Размещение войск вне населенных пунктов называлось лагерем. При выборе места для лагеря предписывалось руководствоваться несколькими основными правилами: фланги лагеря требовалось «прикрыть» с помощью естественных или искусственных преград; на расстоянии орудийного выстрела от лагеря не должно было быть господствующих над лагерем высот (в крайнем случае их надлежало занять); необходимо было предусмотреть возможность беспрепятственного отступления; поблизости от лагеря должны были находиться источники фуража, дров и воды; территория лагеря не должна была пересекаться труднопроходимыми реками, дефилеями, лугами или болотами. Лагерь разбивали, сообразуясь с рельефом местности. Как правило, в первой линии ставили пехоту, позади нее или на флангах – кавалерию, еще глубже – артиллерию (кроме орудий, приданных полкам или поставленных в укреплениях). По фронту протяженность лагеря подразделения составляла две трети длины фронта комплектного подразделения. При расположении в лагере несколькими линиями расстояние между линиями составляло 300–400 шагов: таким образом, перед каждой линией выделялось место для построения боевого порядка. Армия в лагере оберегалась с помощью сложной системы охраны, называемой «лагерной цепью». Ближе всего к лагерю вставали «полевые караулы» – сменяемые ежедневно конные и пешие караулы от линейных войск, которые выставляли непрерывную цепь часовых вокруг всего лагеря. На некоторое расстояние от лагеря выдвигались отряды легких войск (казаков, гусаров, егерей), располагавшиеся на «непременных постах» по деревням и местечкам. От этих отрядов выделялись средние и меньшие посты в промежутки между отрядами, большие караулы на расположенные впереди высоты и постоянно сменяемые разъезды. Все посты и караулы выставляли свои цепи часовых. Различались оборонительные посты и посты для наблюдения. От наблюдательных постов выделялась цепь ведетов (парных часовых), которым нередко придавались конные вестовые. Как правило, днем конные часовые расставлялись впереди пеших, ночью – наоборот. Правила содержания лагерных караулов подробно были описаны в принятом в 1804 г. «Установлении о лагерной службе».

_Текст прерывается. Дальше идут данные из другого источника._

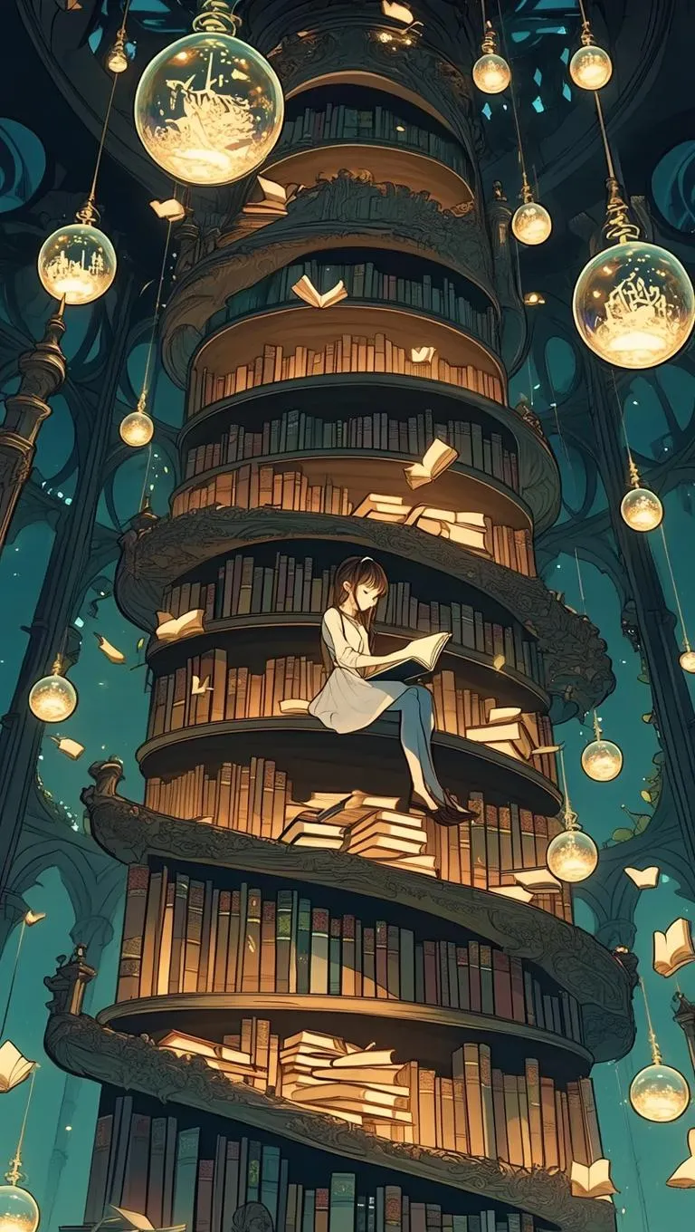 Discover a cinematic anime scene where a girl reads a self-writing journal in a candlelit tower with Escher-like geometry. Floating books, whispering forgotten tongues, and memory-filled glass orbs surround her. Rendered in luminous watercolor artistry, ink-soaked parchment tones, and ethereal light, this mystical moment blends reverent stillness with magical motion. Perfect for anime-inspired, cinematic, and watercolor visual storytelling.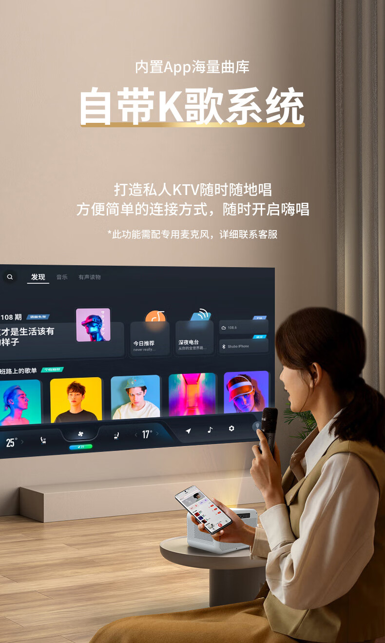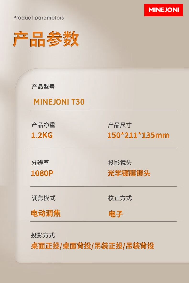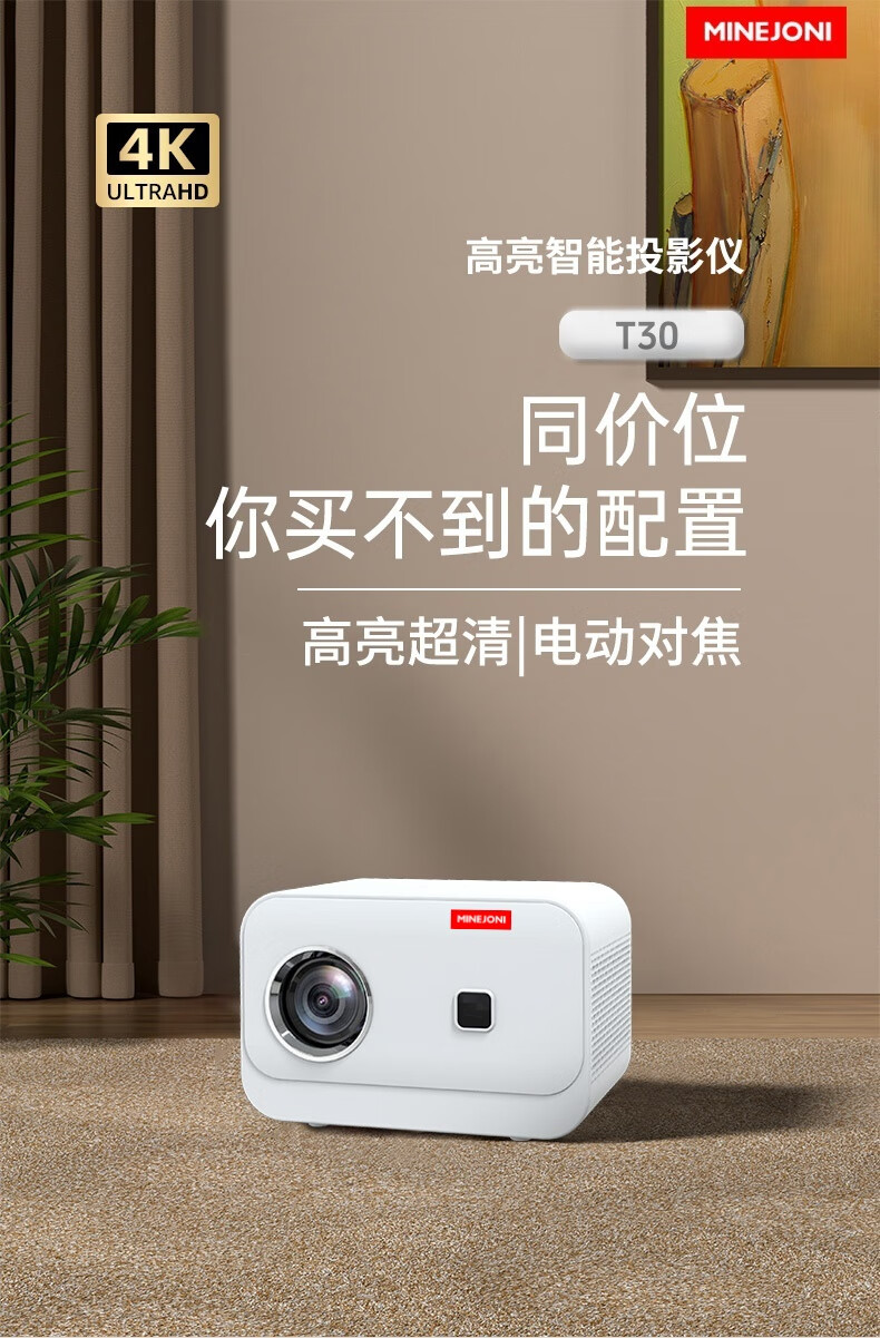 MINEJONI2025新款白天高亮T30投影仪家用超高清4K投墙家庭影院卧室客厅小型户外KTV一体100寸投屏投影机

Различали несколько видов лагеря. Лагерь «для собирания войск» разворачивался перед началом похода в сухих и «здоровых местах»; он мог состоять из нескольких отдельных лагерей и не требовал большой охраны. Подобный лагерь, например, был устроен для русских войск в окрестностях г. Вильно перед началом войны.

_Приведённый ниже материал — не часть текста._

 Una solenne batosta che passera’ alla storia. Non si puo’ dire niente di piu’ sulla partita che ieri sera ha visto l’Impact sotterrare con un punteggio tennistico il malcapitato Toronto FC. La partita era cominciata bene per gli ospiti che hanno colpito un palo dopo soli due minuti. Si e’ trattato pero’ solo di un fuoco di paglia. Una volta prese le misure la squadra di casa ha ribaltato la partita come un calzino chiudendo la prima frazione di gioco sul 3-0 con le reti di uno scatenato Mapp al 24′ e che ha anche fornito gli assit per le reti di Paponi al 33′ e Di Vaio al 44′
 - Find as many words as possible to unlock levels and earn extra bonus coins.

Офицеры в палатке. Рисунок из дневника офицера лейб-гвардии

Семеновского полка А. В. Чичерина. 19 сентября 1812 г.


Лагерь «для отдохновения» устраивался в отдаленных от театра боевых действий местах на крепких от природы или искусственно укрепленных позициях. Поручик А. И. Антоновский оставил красочное описание такого лагеря, разбитого корпусом генерал-лейтенанта графа П. X. Витгенштейна у реки Дрисса в период с середины августа до конца сентября:

«16-го числа (августа — И.У.) весь день наш полк занимался устройством прочных и просторных балаганов, с соблюдением линии и других лагерных правил и потребностей. Местоположение 26 полку досталось как будто по выбору, у самой реки Дриссы на возвышенном берегу, выдавшемся лесом и покрытым зеленью. Здесь были офицерские балаганы, а сзади их солдатские, осененные огромными соснами. У самого обрыва мыса, впереди нашего полка, стояли две пушки, точно как на крепостном валу. Следуя примеру других полков, офицеры балаганы свои устроили с окошками, но, за неимением стекол, отверстия эти заклеивали бумагою, обмазанною постным маслом, которая чрез это предохранялась от дождей и притом сообщала более свету в наших помещениях.

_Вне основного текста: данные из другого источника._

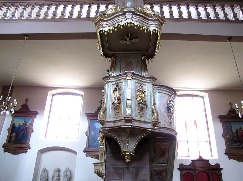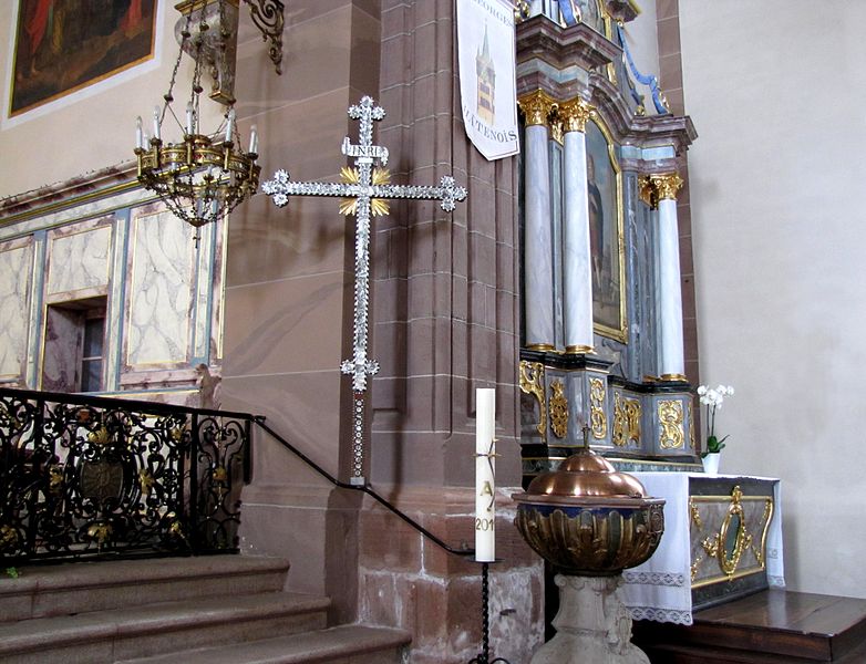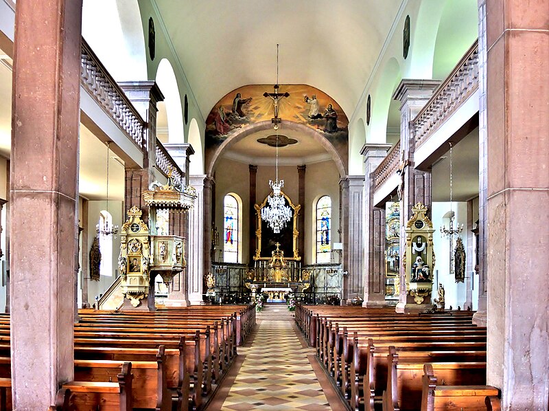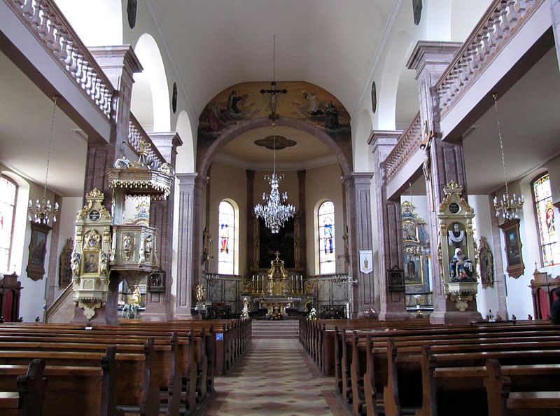 L'église catholique Saint-Georges se situe rue de l'Église à Châtenois, dans le Bas-Rhin, et fait l'objet d'une protection au titre des monuments historiques : classée depuis 1901 et inscrite en 1932 et 1990. La première église paroissiale aurait été dédiée à la Vierge Marie ; au XIIe siècle un nouvel édifice fut élevé et consacré à saint Georges. Le site comprenait un cimetière fortifié, le château fort épiscopal, un ossuaire et une chapelle Saint‑Pierre citée au XVe siècle et détruite au XVIIe ou au XVIIIe siècle. De l'église romane, démolie au XVIIIe siècle, subsiste la tour-clocher dont les élévations datent des XIe, XIIe et de la première moitié du XVIe siècle ; elle fut intégrée au nouvel édifice entrepris en 1759 et achevé en 1761 par l'entrepreneur Martin Dorgler. La toiture du clocher fut refaite vers 1525 et son couronnement, daté de 1530, comporte quatre échauguettes d'angle entièrement réalisées en châtaignier. Le beffroi en châtaignier, daté de 1630, a été remplacé en 1922 lors de la pose de nouvelles cloches. La nef et le chœur, construits en 1759, conservent un ameublement pratiquement d'origine. L'église abrite notamment un orgue Silbermann (1765), une croix de procession recouverte de nacre datée de 1763, ainsi que des tableaux polychromes en relief du XVIe siècle. On y trouve également un monument funéraire d'Hélène Rimelin datant du premier quart du XVIIe siècle.

Впоследствии время дозволяло выдумывать разные прихоти, и мы балаганы свои разделяли на несколько комнат и сколько раз разоряли и перестраивали, ибо кроме сего решительно нам нечем было заниматься… Дабы вовсе не измениться, не изнежиться и не отвыкнуть от занятий, солдат заняли расчисткою дорожек; где приличествовало, обкладывали дерном, дорожки и площадки усыпали песком, и лагерь наш представлял прекраснейшую перспективу. Таким образом, мы в роскошных балаганах сибаритствовали, разваливаясь на дерновых диванах…

Сентябрь начался холодными утренниками, принудил нас рыть землянки и делать печки – это вовсе излишнее и прихотливое, но нам ни в чем не возбранялось и из балаганов устроить совершенно жилые помещения, изнутри вымазанные глиной и выбеленные…» [78, стр. 138, 139,142].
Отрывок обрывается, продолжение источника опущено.